9. SHLAIM, Avi. A muralha de ferro: Israel e o mundo árabe. Rio de Janeiro: Editora Fissus, 2004. Outra obra histórica escrita por um ex-veterano judeu da guerra dos Seis Dias de 1967, fartamente documentada cujo propósito é demolir os mitos fundadores de Israel. Dessa vez, o alvo da desconstrução é David Ben-Gurion, tido como o pai fundador de Israel, e o movimento trabalhista israelense, do qual ele foi a principal líderança. Shlaim afirma que os trabalhistas israelenses, sob a liderança carismática de Ben-Gurion, considerados como a esquerda do movimento sionista, adotaram, sem muito alarde, as teses expansionistas e militaristas do movimento ultra-direitista filo-fascista do Revisionismo maximalista sionista elaborado pelo Vladimir Jabotinsky, expressa na sua doutrina da "Muralha de Ferro", ou seja, a necessidade de se erguer uma muralha de ferro de força militar judaica inexpugnável contra os árabes.

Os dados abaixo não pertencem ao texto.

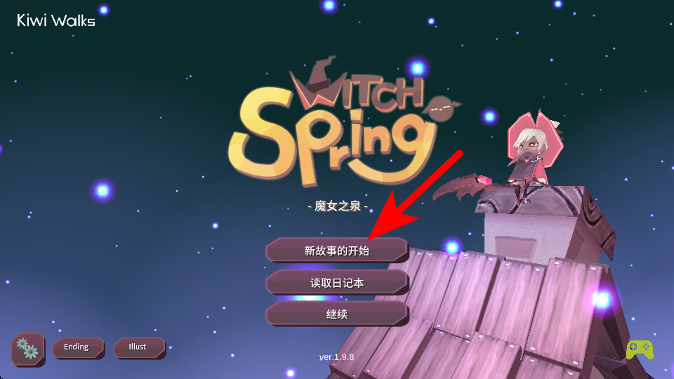 1、进入魔女之泉主界面后,点击红色箭头指向的新故事的开始按钮,开启游戏的全新剧情流程,进入游戏操作。
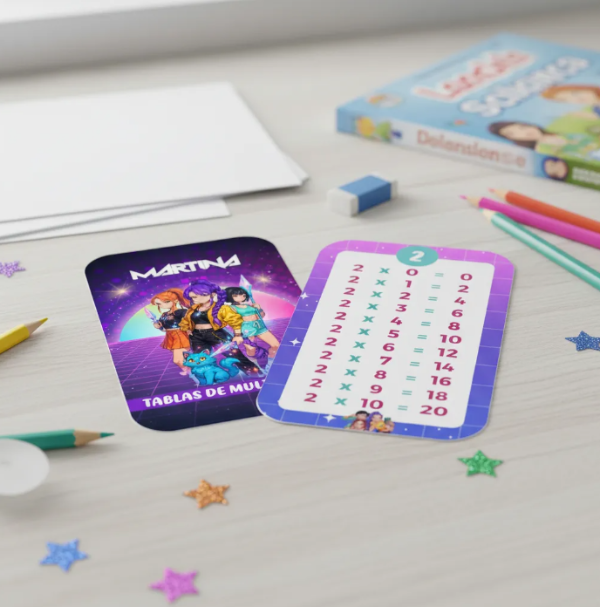 Este kit incluye 1 (uno) modelo de tablas de multiplicar 100% editables de 8x5cm en PowerPoint. También se envía en formato PDF para que puedas agregar el nombre en otros programas.
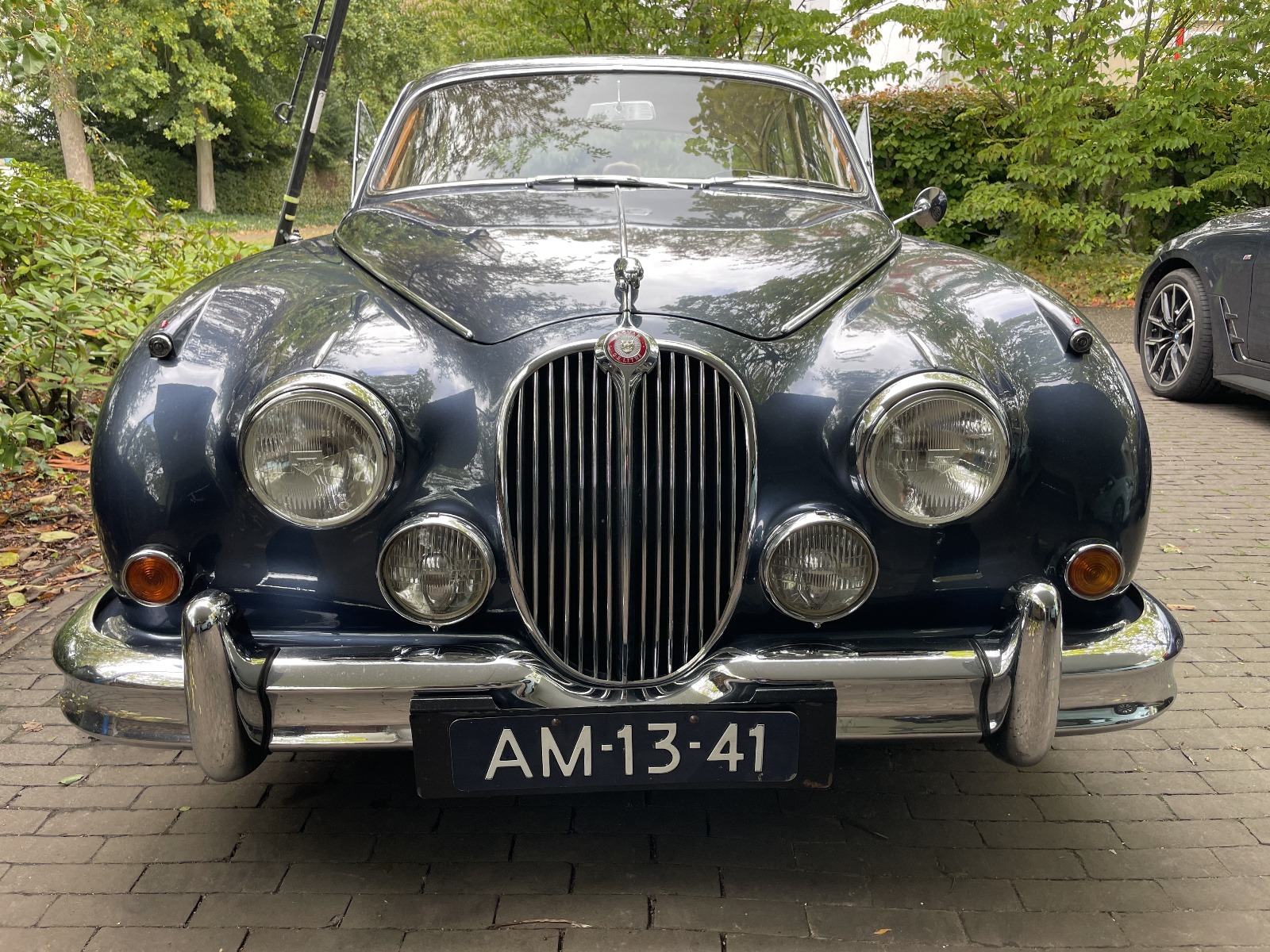 Matching Numbers 3.8 liter Jaguar MK2 automaat. Import uit Californië in 1998. Daarna compleet gerestaureerd: nieuw metallic gespoten, nieuw chroom,…
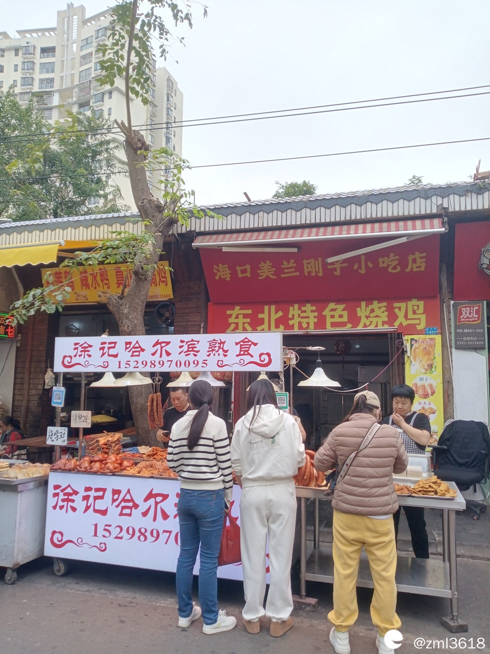 这条街的东北熟食摊特别多,卖烧鸡;卤鸡,卤猪耳朵;哈尔滨红肠,鸡骨架等等。大概率是其同乡来光顾吧。
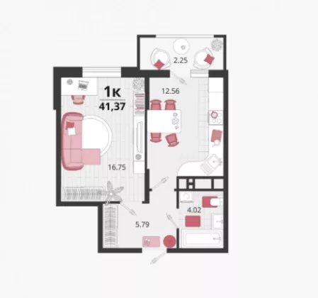 Продается однокомнатная новостройка, 41.37 кв.м., 14/18 эт
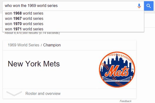たとえば、以下に示したグーグルの「フィーチャード・スニペット」機能は、「1969年のワールドシリーズを制したのはどのチームか?」といったシンプルな質問に対し、検索結果ですばやく回答を提示する手段となっている。
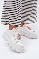 Odinės sportbačiai su dekoratyviu ananaso sagu CheBello 4651 Balti
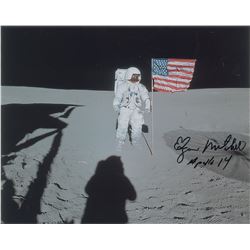 Color semi-glossy 10 x 8 full-length photo of LMP Mitchell standing next to the American flag on the lunar surface, signed in black felt tip, "...
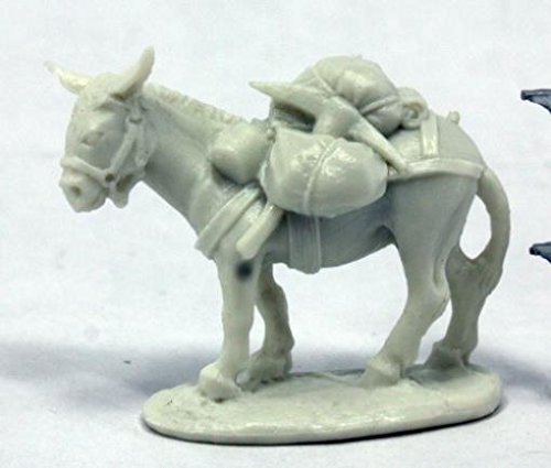 Studio : Reaper Miniatures Publisher : Reaper Miniatures Binding : Toy Product Description RPR77402 Pack Donkey Miniature 25mm Heroic Scale Bones Reaper Miniatures Reapers Bones meet that sweet spot where low price intersects with incredible detail. All the fiddly bits you love to paint are there at prices that will astound you. Out of the box, these incredible figures take paint without priming. Reapers Master Series Paints cover these models perfectly right out of the bottle, and the paint sticks - standing up to most sorts of tabletop abuse your Friday night group would be able to dish out. Bones polymer material reacts beautifully with cyanoacrylate adhesives. - 25mm Heroic Scale Fantasy Miniatures - Integral Bases - Unpainted polymer models - Miniatures are supplied unpainted and assembly may be required. Note: You may find that sometimes the thinner parts on Bones, like spears and swords, will look a little bent. Or the figure might be leaning back or forward too much on its ankles. If you want to straighten those out, hold the figure with tongs or in a colander, and dip it into boiling or near boiling water for at least a minute or two. Remove it from the water, reposition the part, and immediately dunk it into a bowl of ice water for at least a minute. It should hold in the new position. Important safety notes: Please exercise caution! The Bones material may get hot when dipped in boiling water 0
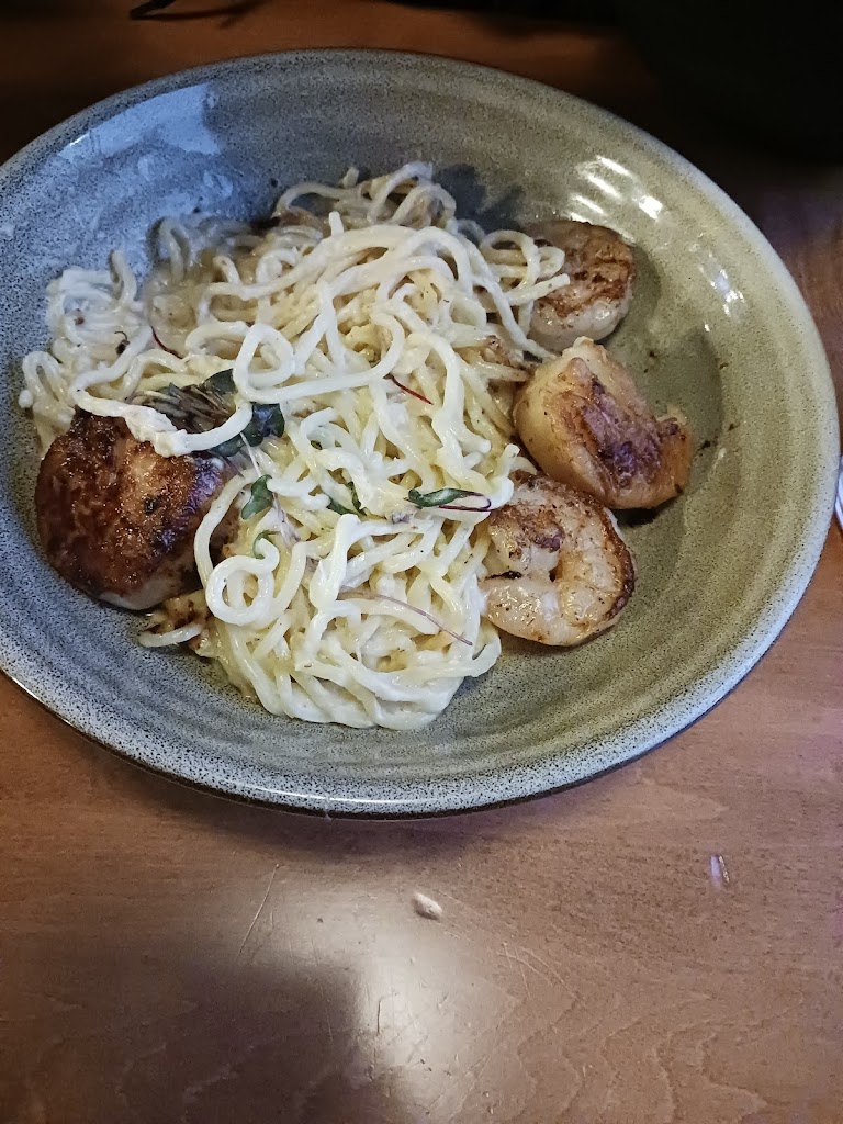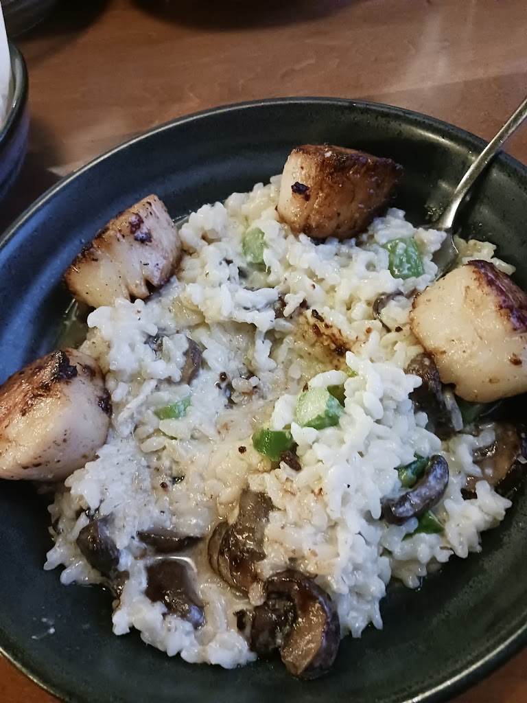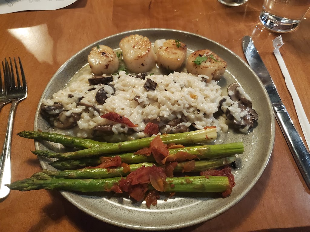 Ordered the seafood platter with what was called a salmon steak, swordfish steak and scallops. Comes with mushroom risotto. Unfortunately they weren't steaks, but more like 3 bites of each fish. Risotto was crunchy and lacked flavor. Then dove into my scallop and found it to be undercooked. Very overpriced for the amount of food served. The only saving grace was our wonderful server. Will not be going back for the free Friday e-coli special.

A partir daí, o autor faz um apanhado histórico de todas as guerras dos sionistas e de Israel desde o final do século XIX até a Segunda Intifada, no início do século XXI, usando como fontes documentos oficiais do governo israelense e entrevistas com altas autoridades de Israel e do mundo árabe. O resultado é um rico painel do militarismo israelense e de sua agressividade permanente compartilhada indistintamente pela direita e pela dita “esquerda” sionistas.

10. VENTTURI, Luis Antônio Bittar. A água no Oriente Médio: fluxo da paz. São Paulo: Sarandi, 2017. Raro trabalho de hidropolítica, é resultado da pesquisa do geógrafo e professor da USP Luís Bittar Ventturi realizada na Síria. O autor nos mostra como a água é um fator que pode levar tanto à guerra, por ser um recurso muito escasso numa região muito povoada, quanto à paz, caso a administração desse recurso seja compartilhada de forma responsável pelos governos locais. Há muitos dados estatísticos que embasam essa pesquisa fartamente documentada. Esses dados ajudam, e muito, a desqualificar os discursos e os mitos, tanto da direita quanto da dita “esquerda”, forjados no Ocidente, sobre o mundo árabe e as suas “cruéis e sanguinárias ditaduras”.